Varios países se disputan la autenticidad de los restos de María Magdalena y en todos ellos se les atribuyen milagros. En la ciudad de Roma, en la Basílica de San Juan de Letrán, existió siempre un altar que supuestamente contenía el cuerpo de la santa, sin cabeza. En Francia se dice que los restos de María de Magdala están en Vézelay, donde se erigió el primer santuario dedicado a maría Magdalena (1120-1132). En el año 1004 el diácono Ermenfroi patrocinó una iglesia en Verdún, Francia, y fue puesta bajo la advocación de la santa de Magdala. A ella le siguieron las de Bayeux (1027), Bellavault (1034), Le Mans (1040), Reims (1043) y Besançon (1049).

Incluso antes de la construcción de esos templos, los primeros occidentales que reivindicaron la autenticidad de las reliquias de la Magdalena fueron alemanes e ingleses. En una cripta del Monasterio de San Esteban, en la baja Sajonia (Alemania), y en Exeter (Inglaterra), se aseguraba en la segunda mitad del Siglo X que poseían restos de la santa. En la catedral de Exeter, concretamente, decían que poseían un dedo de la Magdalena. También a España llegaron las reliquias de santa María Magdalena. En Oviedo (Asturias), en el catálogo de reliquias del Siglo XI aparece un mechón del cabello con el que supuestamente María Magdalena le enjuagara los pies a Jesús.

Después de las reliquias relacionadas con Jesús (Sábana Santa, lanza de Longinos, espinas de la corona, paños y telas fúnebres, los clavos, el lignum Crucis, pañales infantiles, pajas del pesebre, etc.) y las de la Virgen María (algunos templos aseguran poseer algodones con gotas de leche del período de lactancia de Jesús), de pocos santos y santas existen tantas reliquias como de la Magdalena. Ello significa sólo una cosa: que desde muy temprano su personalidad y su cuerpo fueron objeto de culto en la Iglesia universal.
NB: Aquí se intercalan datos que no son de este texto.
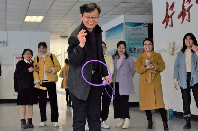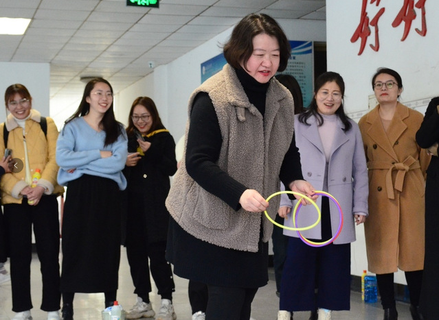 趣味活动在热烈掌声中拉开序幕,女教工们积极参加,大显身手。每个人都按规则排队进行套圈项目,发挥技巧,投向自己喜欢的奖品,每一次套中都引起场内外阵阵欢呼。党总支书记杨直也参与体验套圈项目,与各位女教工们共同庆祝女神节,活动现场欢呼连连,笑声溢满整个北大厅。

Los fieles, a fuerza de leyendas o relatos, mantuvieron vivo ese sentimiento más o menos inconscientemente: María Magdalena fue una de las mujeres más importantes en el ministerio de Jesús y merecía veneración.

Veinte siglos después empieza a hacerse justicia a María Magdalena. Lo que falta es vencer las resistencias de la organización patriarcal de la mayoría de las Iglesias cristianas, y recuperar en la práctica la tradición del movimiento de Jesús como discipulado de iguales, aunque no idénticos.